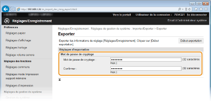 Saisissez un mot de passe de cryptage de 32 caractères alphanumériques au maximum. Saisissez le même mot de passe dans [Confirmer]. Pour exporter les données, vous devez configurer un mot de passe de cryptage.
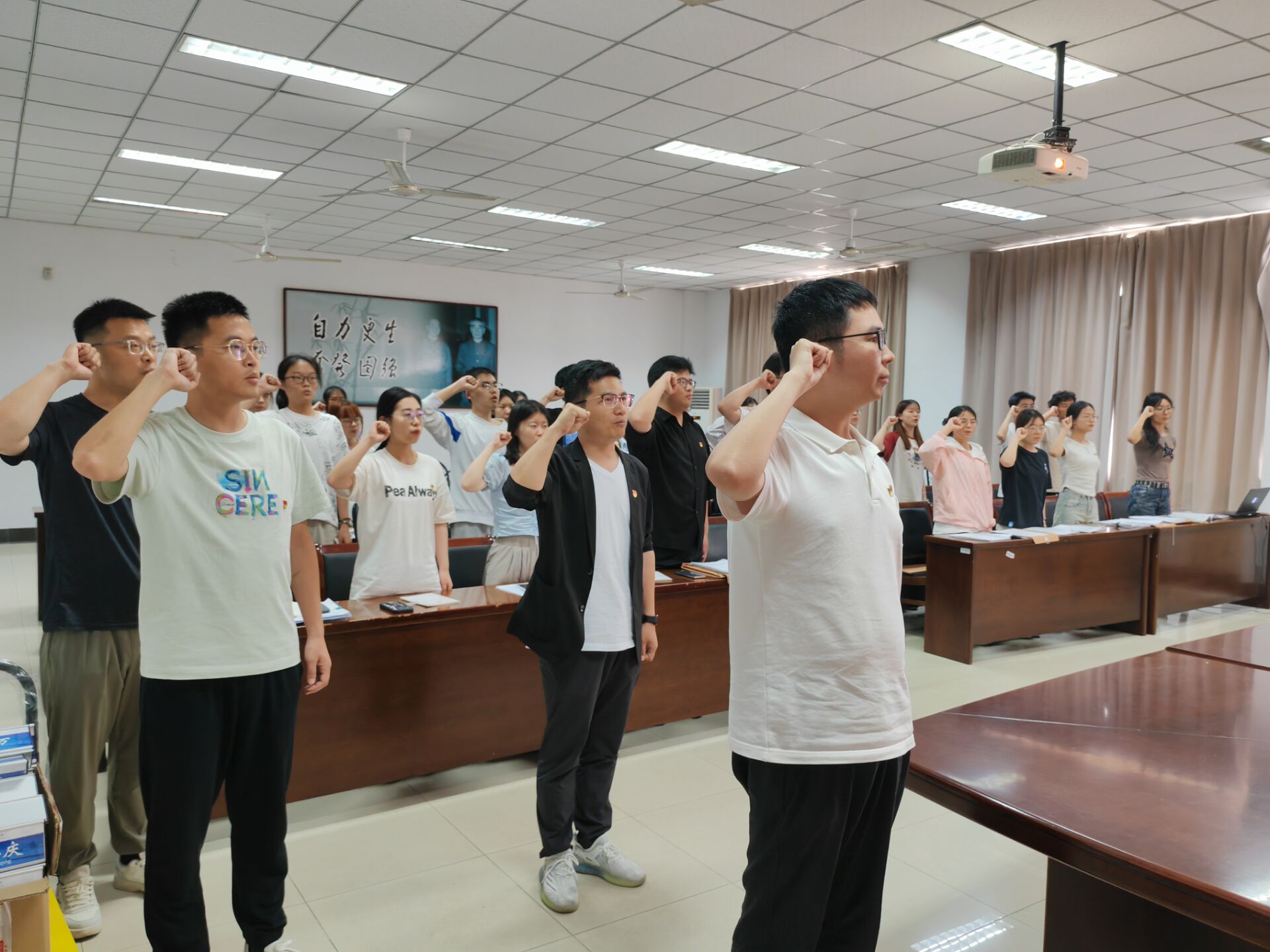 淮师新闻网6月18日电(记者 吴宣 杨冉 李海东)为进一步教育引导新发展党员铭记入党初心、强化党员意识、坚定理想信念,6月18日下午,云顶国际8588yd于理工楼北楼108室举办预备党员入党宣誓仪式,员工党支部陈老师、朱笔老师、徐寅寅老师以及29名新发展党员参与本次会议,会议由徐寅寅老师主持。
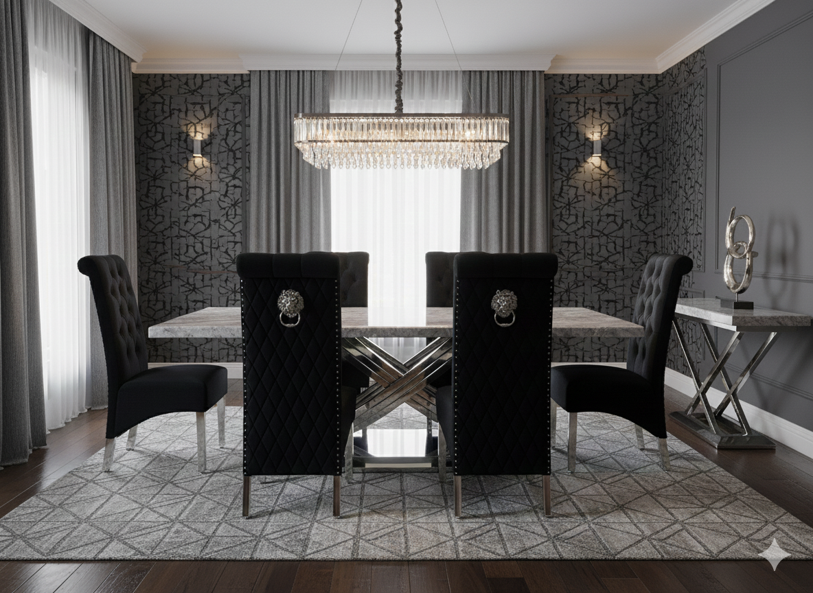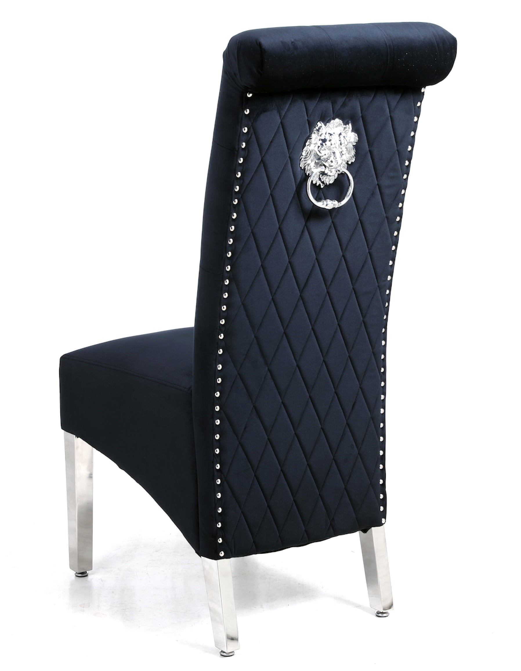 Luxurious Black Chrome Leg Dining Chair with Lion Knocker Luxurious Black Chrome Leg Dining Chair with Lion Knocker

# TO DO
Once the pictures are set aside, repeat the data above exactly.

# REPLY
 Saisissez un mot de passe de cryptage de 32 caractères alphanumériques au maximum. Saisissez le même mot de passe dans [Confirmer]. Pour exporter les données, vous devez configurer un mot de passe de cryptage.
 淮师新闻网6月18日电(记者 吴宣 杨冉 李海东)为进一步教育引导新发展党员铭记入党初心、强化党员意识、坚定理想信念,6月18日下午,云顶国际8588yd于理工楼北楼108室举办预备党员入党宣誓仪式,员工党支部陈老师、朱笔老师、徐寅寅老师以及29名新发展党员参与本次会议,会议由徐寅寅老师主持。
 Luxurious Black Chrome Leg Dining Chair with Lion Knocker Luxurious Black Chrome Leg Dining Chair with Lion Knocker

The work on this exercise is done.